With regard to blockchain, every node has to store all the information on the blockchain locally and process all incoming transactions along with recording the data on every copy of the ledger on the network. This technique provides blockchain with its robust security but also saddles it with a major handicap. As a blockchain grows, so too does the amount of data stored in each node within the network. Because such large data sets must be agreed upon and recorded on every node in the network, there are bottlenecks that severely limit the rate at which transactions can be validated. This is the scalability issue faced by many popular blockchains today.

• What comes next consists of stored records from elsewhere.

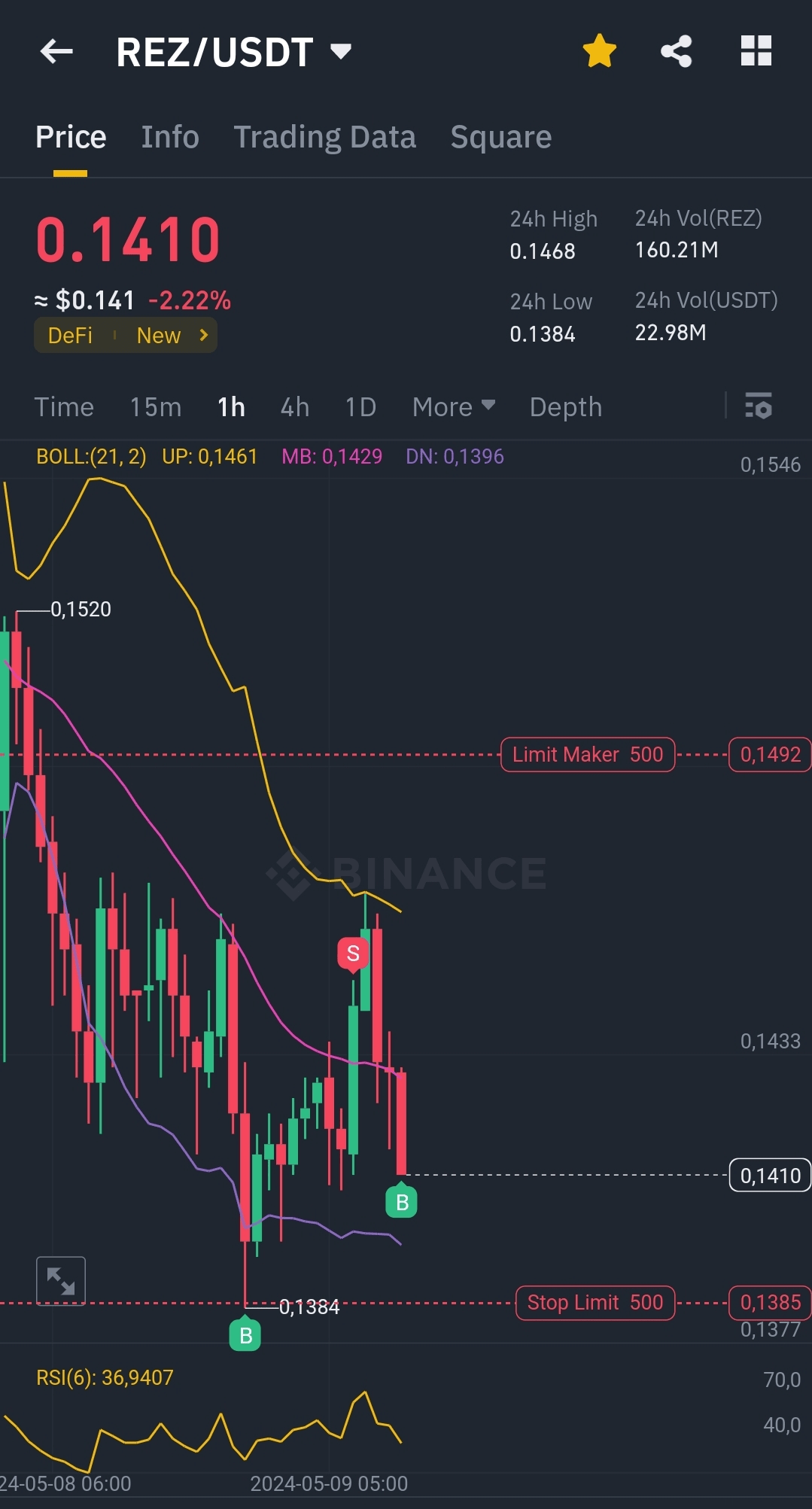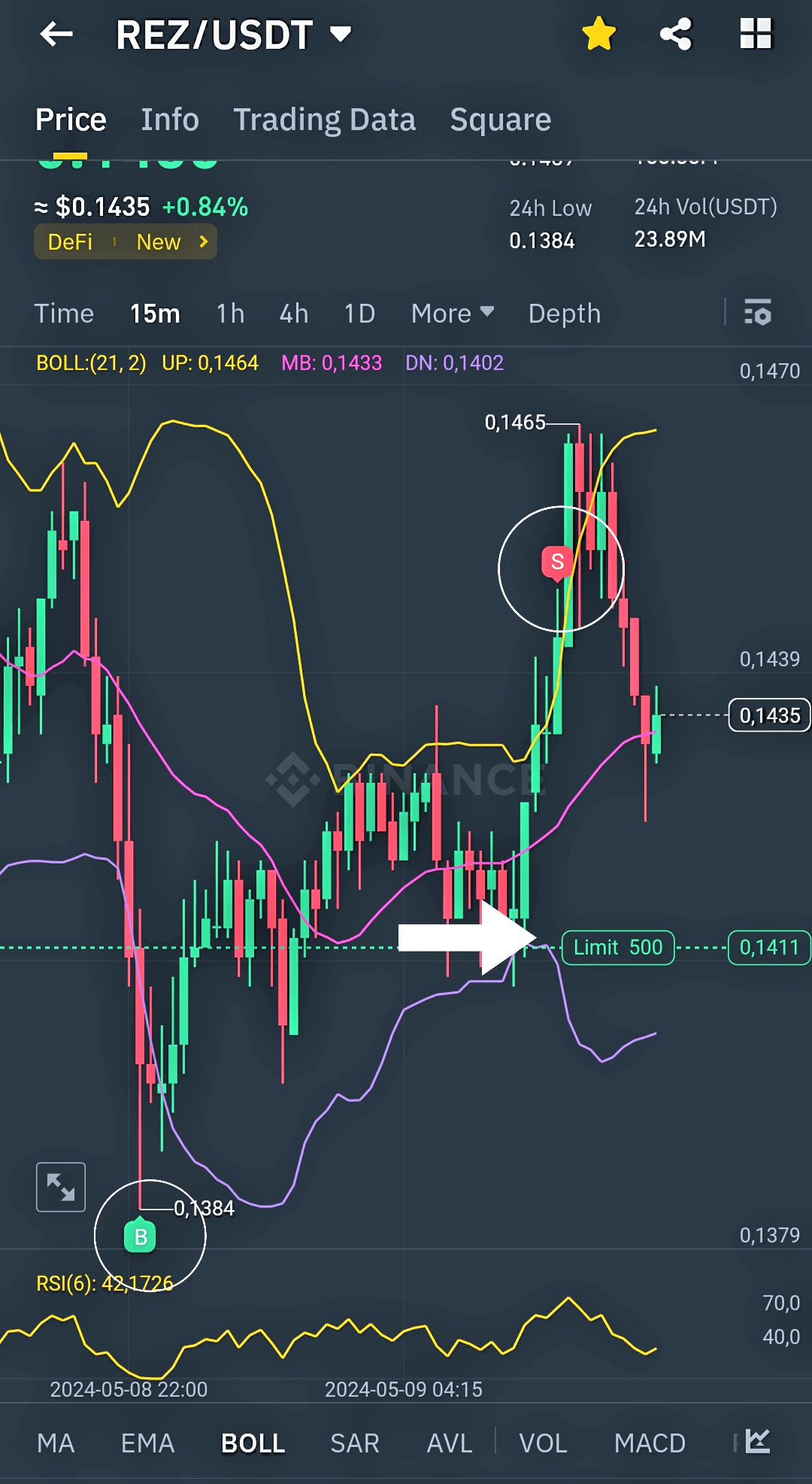 Acquista tra 0,1404 e 0,1412 usdt
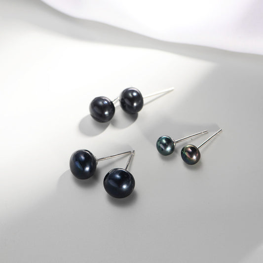 Sterling Silver Black Freshwater Pearl Stud Earrings
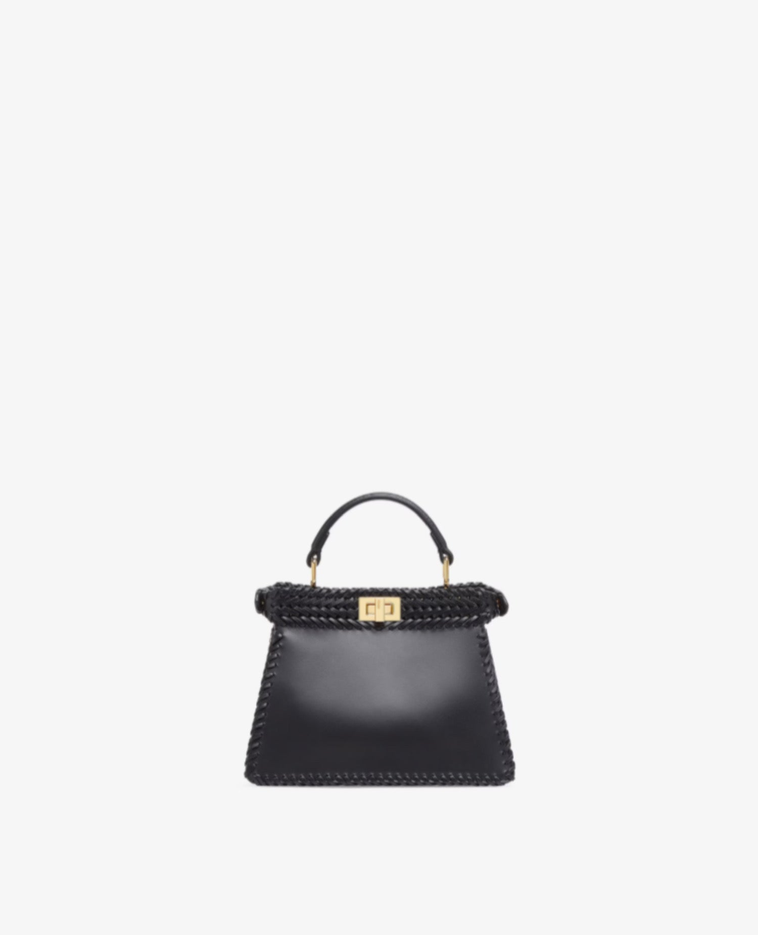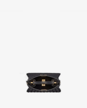 Iconic Peekaboo ISeeU bag in an ideal, compact size. Made of black leather with borders and front panel embellished by a hand-crafted tone-on-tone interlace. Decorated with the iconic twist lock on both sides.
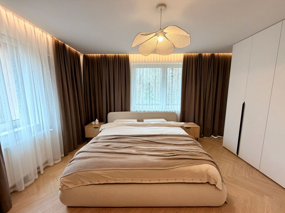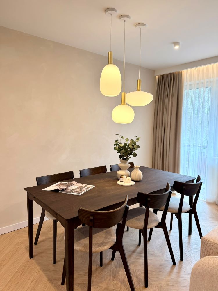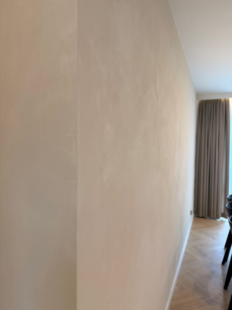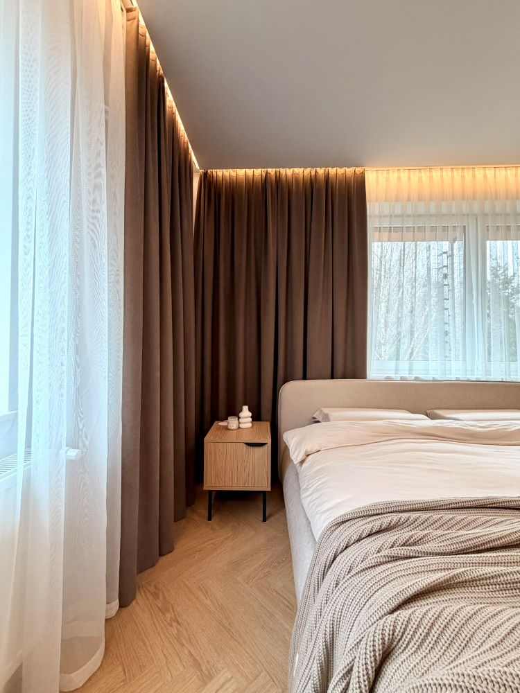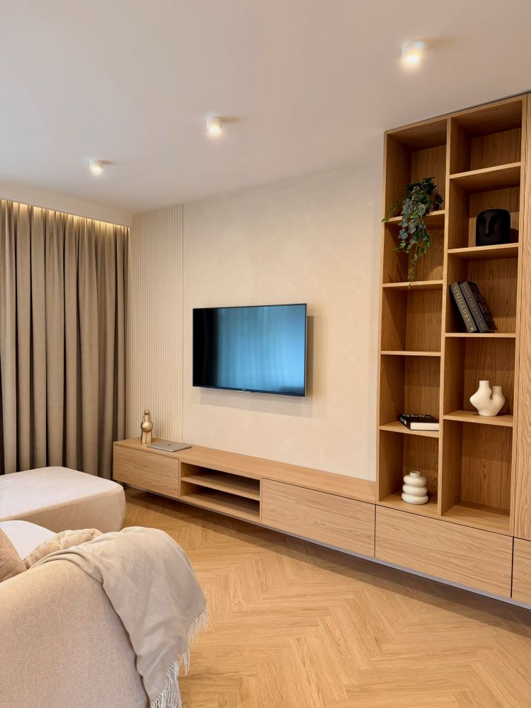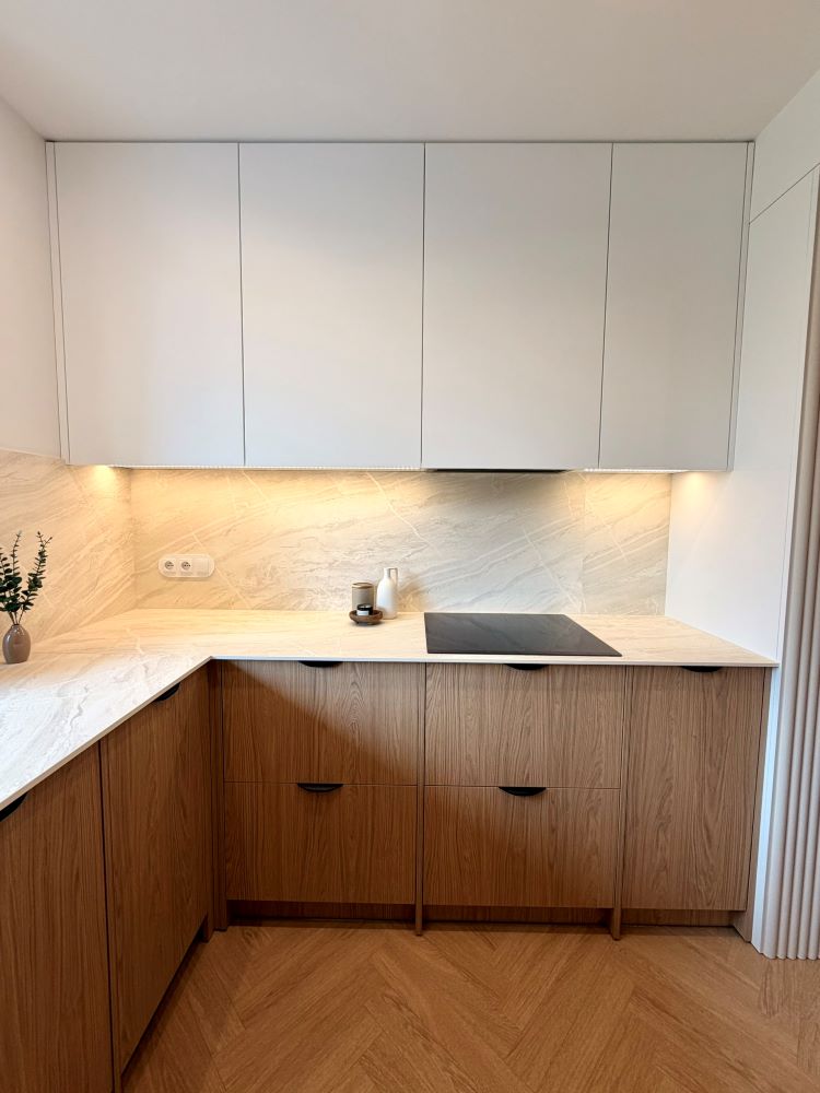 Ta realizacja została utrzymana w minimalistycznej i nowoczesnej stylistyce, w której dominują beże i mnóstwo struktur. Ciepły i przytulny charakter wnętrza oraz mnóstwo zorganizowanego miejsca do przechowywania. Całość uzupełniają ukryte drzwi pokryte tynkiem dekoracyjnym, proste detale i subtelne oświetlenie.
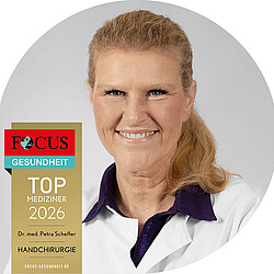 Vor allem in den Morgenstunden fühlen sich Ihre Finger steif an und eine Faust zu bilden, fällt Ihnen schwer. Auch Schwellungen sind an Ihren Fingern nicht unüblich? Die Hände und Finger sind im Alltag permanent im Einsatz. Bereiten Ihnen Schmerzen, zum Beispiel aufgrund einer Arthrose, Probleme, fühlen Sie sich hilflos und sind frustriert. Fast jedes Fingergelenk lässt sich durch ein künstliches Gelenk ersetzen, um die vollständige Funktion der Hand wiederherzustellen und Sie von den Schmerzen zu befreien. Voraussetzung ist, dass die Sehnen und Bänder noch intakt sind. Für Dr. Petra Scheffer, Chefärztin für Handchirurgie, stehen die Bedürfnisse des Patienten an erster Stelle. Sie und ihr Team sind auf die hoch komplexen anatomischen Strukturen auf kleinstem Raum spezialisiert. Gemeinsam mit Ihnen besprechen die Spezialistinnen welche individuellen Vor- und Nachteile eine Fingergelenksprothese für Sie bedeutet.
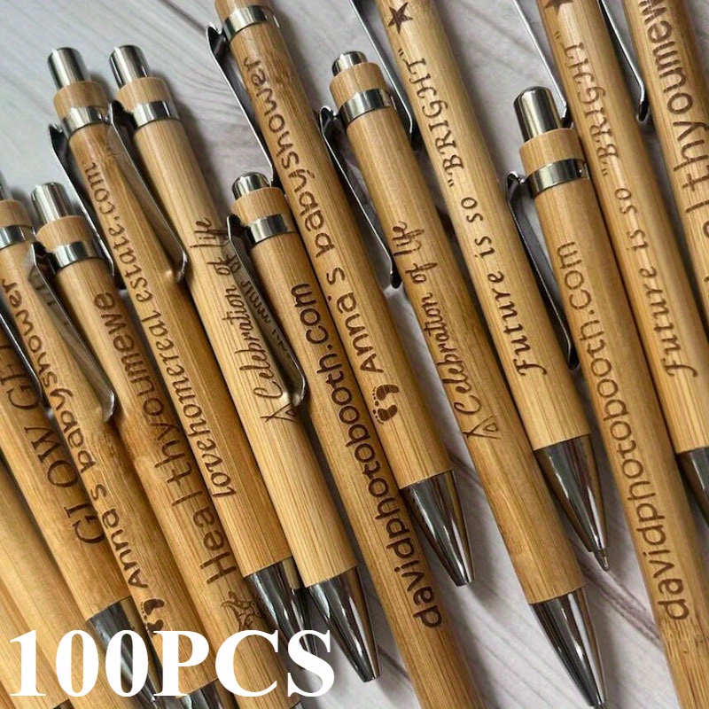 Product information for TEMU 30 Sets Personalized Bamboo Pens With Cowhide Cards & Bags - Engravable Wedding Guestbook Pens, Rustic Wedding Favors - Unique Bridal Party Gifts & Wedding Stationery Supplies

One solution to this bottleneck is sharding. When applied to blockchain, sharding splits the blockchain network into smaller shards which are then run individually in parallel with each other. If a node needs to know about transactions or blocks it doesn’t store, then it finds another node with the information it needs.

Currently, the Bitcoin network can only process 7 transactions per second, but if there were 1000 Bitcoin networks running in parallel with each other, it would, in theory, have the capacity to process up to 7000 transactions per second. This is, in essence, the sharding fix to the scalability issue.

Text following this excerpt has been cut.